Records excerpted from a collection
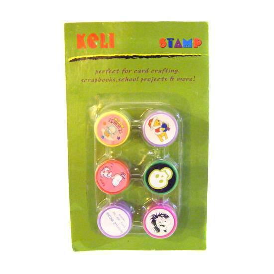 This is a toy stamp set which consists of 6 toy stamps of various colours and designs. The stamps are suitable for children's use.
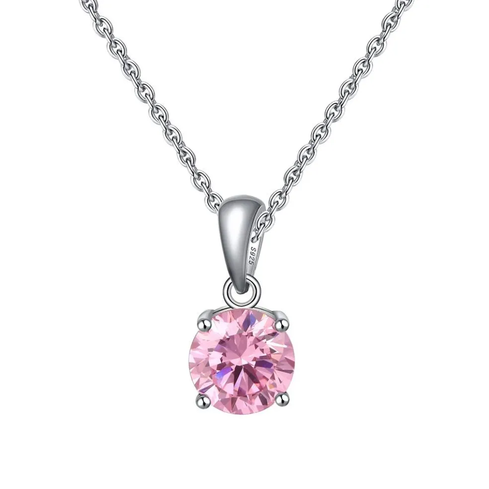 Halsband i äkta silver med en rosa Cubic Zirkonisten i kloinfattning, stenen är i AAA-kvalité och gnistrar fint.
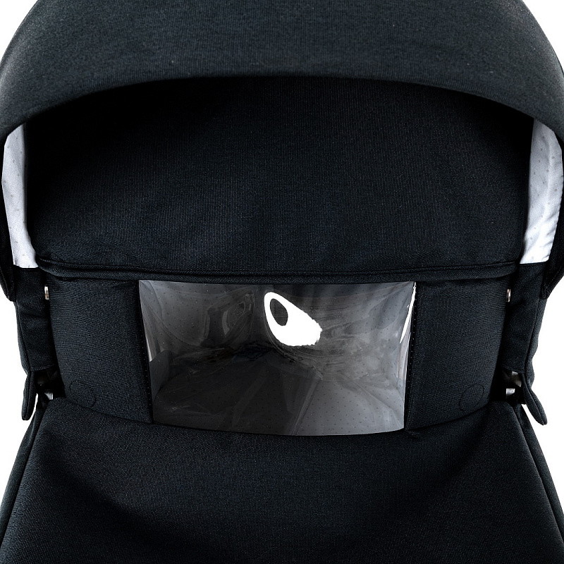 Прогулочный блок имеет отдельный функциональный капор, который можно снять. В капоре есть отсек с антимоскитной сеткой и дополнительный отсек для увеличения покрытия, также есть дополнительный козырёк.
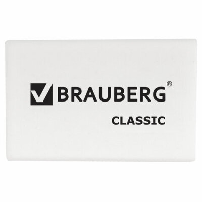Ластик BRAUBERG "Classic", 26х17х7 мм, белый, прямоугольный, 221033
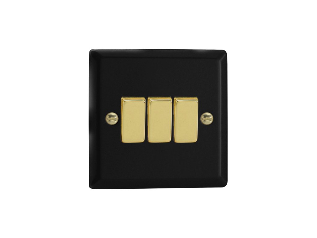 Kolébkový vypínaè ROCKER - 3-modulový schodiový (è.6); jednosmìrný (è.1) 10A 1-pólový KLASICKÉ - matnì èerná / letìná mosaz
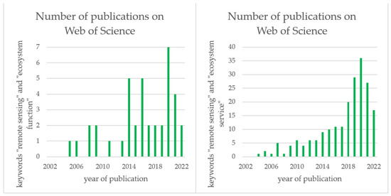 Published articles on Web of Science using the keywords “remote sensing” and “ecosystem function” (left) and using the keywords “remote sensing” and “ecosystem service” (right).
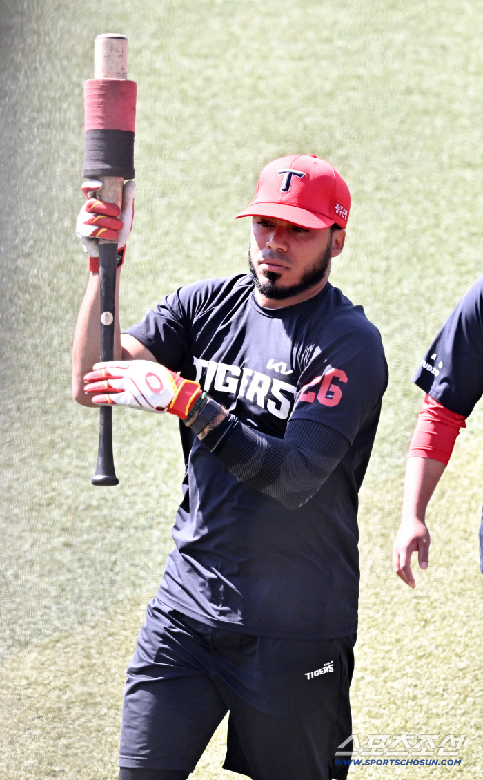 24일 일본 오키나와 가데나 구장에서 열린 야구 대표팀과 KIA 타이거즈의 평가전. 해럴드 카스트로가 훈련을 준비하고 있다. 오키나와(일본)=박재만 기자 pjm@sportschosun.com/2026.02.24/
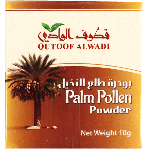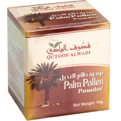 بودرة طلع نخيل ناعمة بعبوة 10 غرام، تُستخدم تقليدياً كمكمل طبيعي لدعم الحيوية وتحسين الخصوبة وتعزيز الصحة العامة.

— REQUIREMENT —
Would you set down only the lines above from the line with "Прогулочный блок имеет" to the line with "белый, прямоугольный, 221033", both included, exactly as they stand and without the pictures?

— SOLVED PROBLEM —
 Прогулочный блок имеет отдельный функциональный капор, который можно снять. В капоре есть отсек с антимоскитной сеткой и дополнительный отсек для увеличения покрытия, также есть дополнительный козырёк.
Ластик BRAUBERG "Classic", 26х17х7 мм, белый, прямоугольный, 221033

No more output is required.